For another example, we refer to Mayer et al. (2015), who have described and tested by experiment a mechanism for vesicle formation in tectonic fault zones that relies on periodic variations in pressure to cycle carbon dioxide between the supercritical state, laden with amphiphiles, and the gaseous state, where the amphiphiles coalesce around water droplets, which settle out as bilayer vesicles into a water phase. The periodic pressure drive is postulated to be caused by tidal changes or geyser activity. A periodic temperature drive provided by the THP oscillator in the water phase could achieve much the same thing, more reliably. In this case, of course, carbon dioxide must cycle between the supercritical state and the liquid, rather than gas, state. Mayer et al. (2015) postulated that the amphiphile-laden supercritical state occurs at ~ 100 bar and 320 K. As shown in Ball and Brindley (2015a) the THP system certainly is capable of cycling between 320 K and 304 K, the critical temperature of carbon dioxide.

Still on vesicles, (Lagzi et al. 2010) reported on a system in which a pH oscillator controls the assembly of and rhythmically interconverts oleic acid vesicles and micelles. They used the methylene glycol-sulfite-gluconolactone pH oscillator with a period of about 2 min. In the RNA world, the THP pH oscillator may have mediated the formation of vesicles from simple amphiphiles. If so, it would also have mediated their destruction, but in a diffusive system the vesicles — along with their packaged contents — could form and move away faster than they are destroyed.
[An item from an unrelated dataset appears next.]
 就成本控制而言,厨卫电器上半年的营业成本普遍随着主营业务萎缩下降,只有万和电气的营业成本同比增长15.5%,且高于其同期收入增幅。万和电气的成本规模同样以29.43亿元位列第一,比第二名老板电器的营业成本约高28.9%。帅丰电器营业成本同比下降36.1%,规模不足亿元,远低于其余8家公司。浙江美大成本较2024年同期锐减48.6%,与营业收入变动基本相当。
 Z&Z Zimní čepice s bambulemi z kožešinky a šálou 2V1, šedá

We have addressed in some depth the question of the destructive capabilities of hydrogen peroxide to nucleic acids themselves (Ball and Brindley 2014, 2015a). Here we simply note that, by the very act of oxidizing some fraction of nucleobases, hydrogen peroxide becomes an agent for change, a vector for adaptation, evolution, and diversification of RNA and its functions. In order to become a truly living system, the RNA world must replicate with fidelity — but not too much fidelity, and the hydrogen peroxide medium may have ensured this.

In Conclusion:

We have investigated the operation of the THP oscillator on the activities of two hammerhead ribozymes, using experimental rate and thermochemical data in a coupled dynamical model for enthalpy and mass conservation. The results suggest that improved ribozyme performance can occur under oscillatory drive. For the RNA world as a whole, the dynamical environment of the THP oscillator is likely to make it fitter, resolve the dilemma of dual roles, and may help settle it into vesicles.
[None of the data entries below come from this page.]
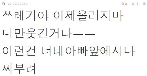 >>아빠앞에서 씨부렸는데 재미없으시데요ㅋㅋㅋ 됬음?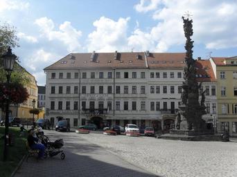 Keywords: (TTO) Hotel Prince de Ligne (Teplice) 16.JPG cs TTO Hotel Prince de Ligne - Teplice Zámecké náměstí 136 own Qwertz0451 2013-09 Cc-zero Holy Trinity column in Teplice Prince de Ligne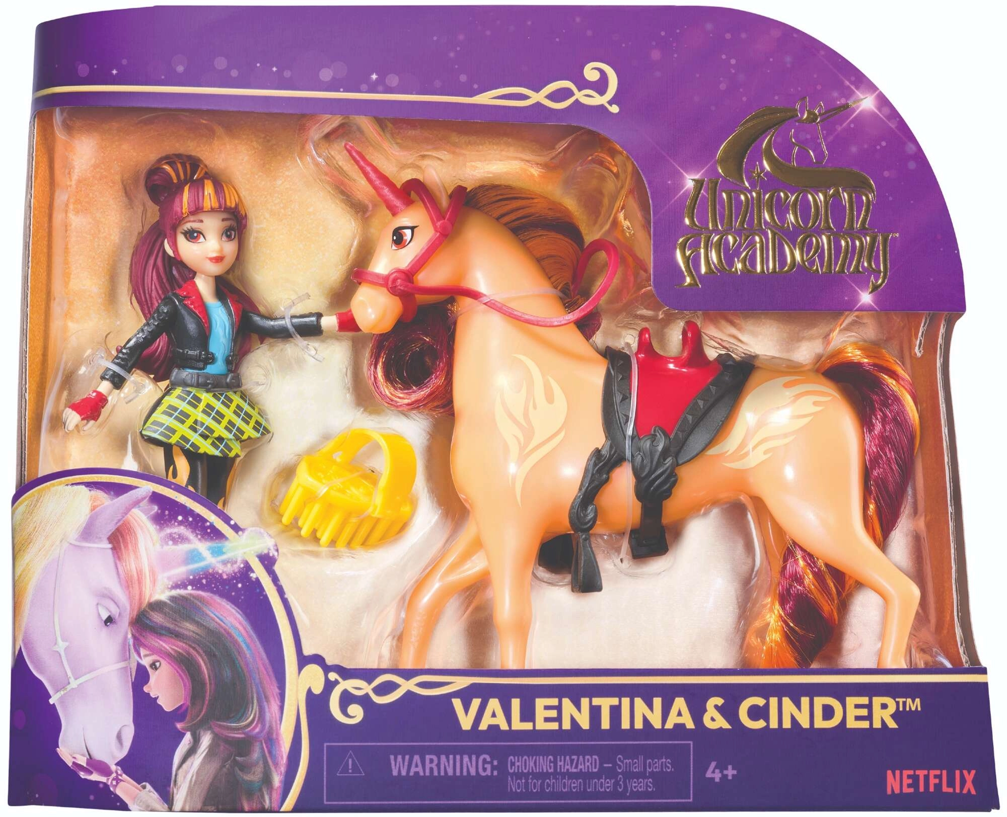 Le set Valentina & Cinder de Spin Master est inspiré de la série animée populaire UNICORN ACADEMY. Les enfants peuvent revivre des aventures au bord du Sparkle Lake, renforcer les amitiés et découvrir les pouvoirs magiques des licornes. La poupée porte la tenue emblématique de la série et, grâce à ses membres articulés, prend facilement différentes poses en selle.

Finally, in efforts to detect life on other worlds a variety of characteristics of habitability, such as liquid water and an atmosphere dense enough to sustain a temperature-stabilizing greenhouse effect, and gas bioindicators, such as methane and nitrous oxide, have been proposed (Lammer et al. 2009). We would add hydrogen peroxide to this list, as its presence may signal the existence of extraterrestrial RNA worlds.